0P3 P.Prox.Référés, 6 mars 2025 — 24/07441
Texte intégral
TRIBUNAL JUDICIAIRE DE MARSEILLE
Pôle de Proximité
ORDONNANCE DE RÉFÉRÉ
ORDONNANCE DU : 06 Mars 2025 Président : Monsieur Bernard GRISETI, MTT Greffier : Madame Anaïs ALI, Greffier Débats en audience publique le : 16 Janvier 2025
GROSSE : Le 06 Mars 2025 à Me Alice ARCHENOUL Le ................................................... à Me ............................................... Le ................................................... à Me ............................................... EXPEDITION : Le 06 Mars 2025 à Me Nathalie FENECH Le .......................................................... à Me ...................................................... Le ........................................................... à Me ......................................................

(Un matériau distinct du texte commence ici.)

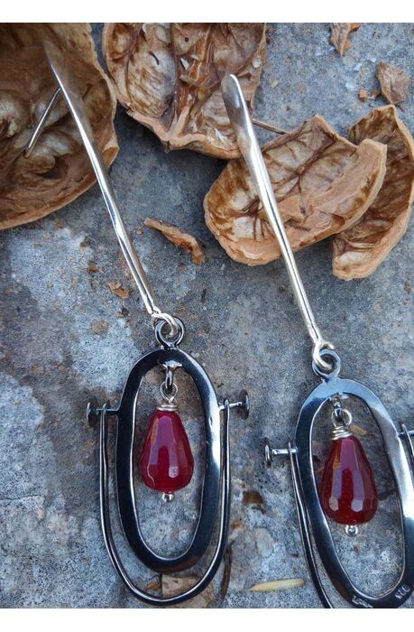 Υπέροχα, μινιμαλ, χειροποίητα σκουλαρίκια από ασήμι 925 με μαύρη πλατίνα με δύο Αχάτες στο χρώμα του Ρουμπινιού. .Με αυτά τα κομψά σκουλαρίκια θα δώσετε μια λεπτή και θηλυκή λεπτομέρεια σε οποιαδήποτε εμφάνιση σας .Το σχέδιο είναι μοναδικό, και μπορείτε να τα φορέσετε με κάθε εμφάνιση casual ή glam. Λεπτά και ελαφριά, είναι τέλεια για να τονίσουν την παρουσία σας

N° RG 24/07441 - N° Portalis DBW3-W-B7I-5YL5
PARTIES :
DEMANDERESSE
Madame [B] [C] née le 12 Octobre 1957 à [Localité 4] (ALGERIE), demeurant [Adresse 1]
représentée par Me Alice ARCHENOUL, avocat au barreau de MARSEILLE
DEFENDERESSE
Madame [O] [Z] née le 17 Juillet 1973 à [Localité 3] (TUNISIE), demeurant [Adresse 1]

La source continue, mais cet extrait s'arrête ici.